→ Description of the task
Without including any pictures, write out the data below exactly.

→ Input for this task

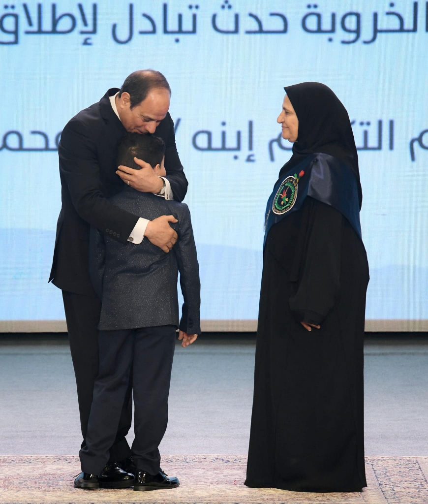واحتضن الرئيس السيسي، الطفل بلال وتوجه به إلى المنصة ليلقي كلمته إلى الحضور حيث قال “والدي استشهد في سيناء وكنت أبلغ من العمر عاما وشهرين .. أنا لم اتمكن من رؤية والدي لكنني سمعت عن بطولاته من جدتي واصدقائه ، وكانوا يقولون إن والدي بطل ولم يخاف أبدا وبعد استشهاد والدي بستة أشهر سافرت والدتي للحج وكان حلمها اللحاق بأبي في الجنة ، وتوفيت في السعودية”.
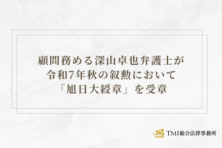 TMI総合法律事務所(所在地:東京都港区、代表:田中克郎)の顧問務める深山卓也弁護士が、令和7年秋の叙勲において「旭日大綬章」を授与されることとなりましたのでお知らせいたします。「旭日大綬章」は国や公共に対し功労のある人物で、顕著な功績をあげた者に授与される勲章です。深山弁護士は、最高裁判所判事等として我が国の司法制度の発展に大きく貢献したことが評価されました。
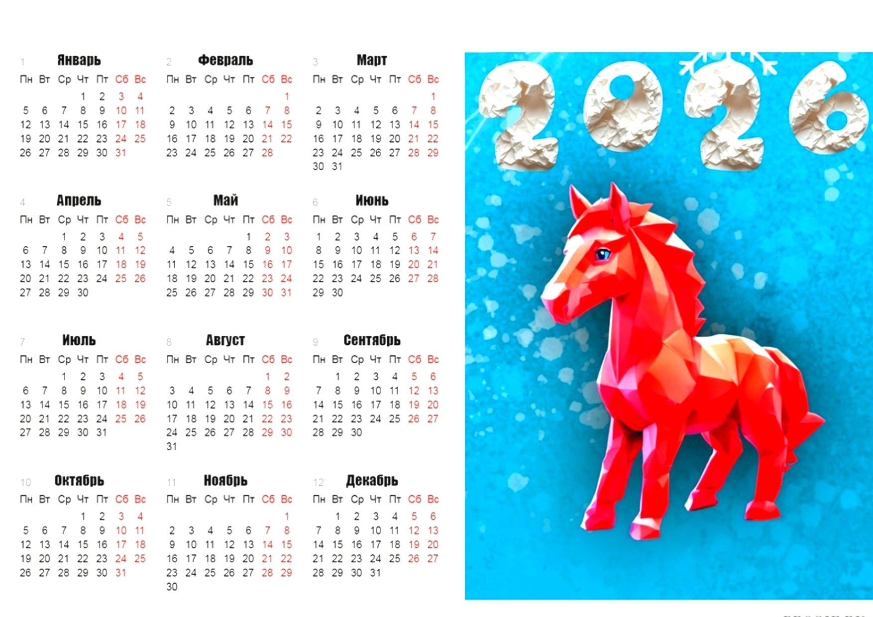 Календарь настенный,настольный,карманный с изображением лошади, что соответствует символу Красной огненной лошади на 2026 год по восточному календарю.
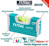 تراز جیبی توتال سایز 10 سانتی متری به راحتی قادر است سطوح مختلف را در محورهای افقی و عمودی اندازه گیری و به شما در مشاغل مختلف کمک کند.
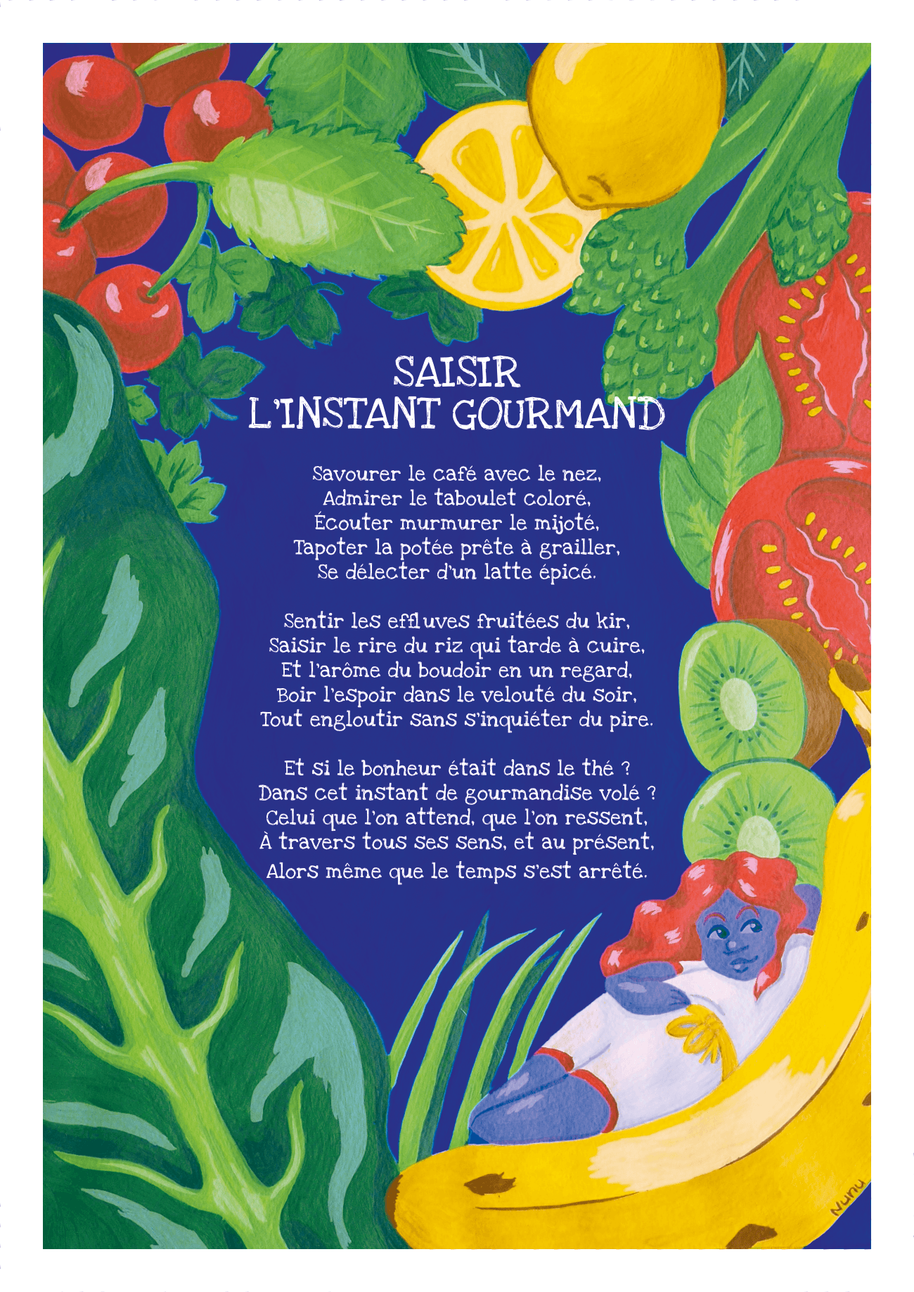 Après de nombreuses pages griffonnées, mon intention s’est naturellement dessinée. J’allais « saisir l’instant gourmand » à travers une création qui mélangerait écriture et peinture.

→ Exercise result
واحتضن الرئيس السيسي، الطفل بلال وتوجه به إلى المنصة ليلقي كلمته إلى الحضور حيث قال “والدي استشهد في سيناء وكنت أبلغ من العمر عاما وشهرين .. أنا لم اتمكن من رؤية والدي لكنني سمعت عن بطولاته من جدتي واصدقائه ، وكانوا يقولون إن والدي بطل ولم يخاف أبدا وبعد استشهاد والدي بستة أشهر سافرت والدتي للحج وكان حلمها اللحاق بأبي في الجنة ، وتوفيت في السعودية”.
 TMI総合法律事務所(所在地:東京都港区、代表:田中克郎)の顧問務める深山卓也弁護士が、令和7年秋の叙勲において「旭日大綬章」を授与されることとなりましたのでお知らせいたします。「旭日大綬章」は国や公共に対し功労のある人物で、顕著な功績をあげた者に授与される勲章です。深山弁護士は、最高裁判所判事等として我が国の司法制度の発展に大きく貢献したことが評価されました。
 Календарь настенный,настольный,карманный с изображением лошади, что соответствует символу Красной огненной лошади на 2026 год по восточному календарю.
 تراز جیبی توتال سایز 10 سانتی متری به راحتی قادر است سطوح مختلف را در محورهای افقی و عمودی اندازه گیری و به شما در مشاغل مختلف کمک کند.
 Après de nombreuses pages griffonnées, mon intention s’est naturellement dessinée. J’allais « saisir l’instant gourmand » à travers une création qui mélangerait écriture et peinture.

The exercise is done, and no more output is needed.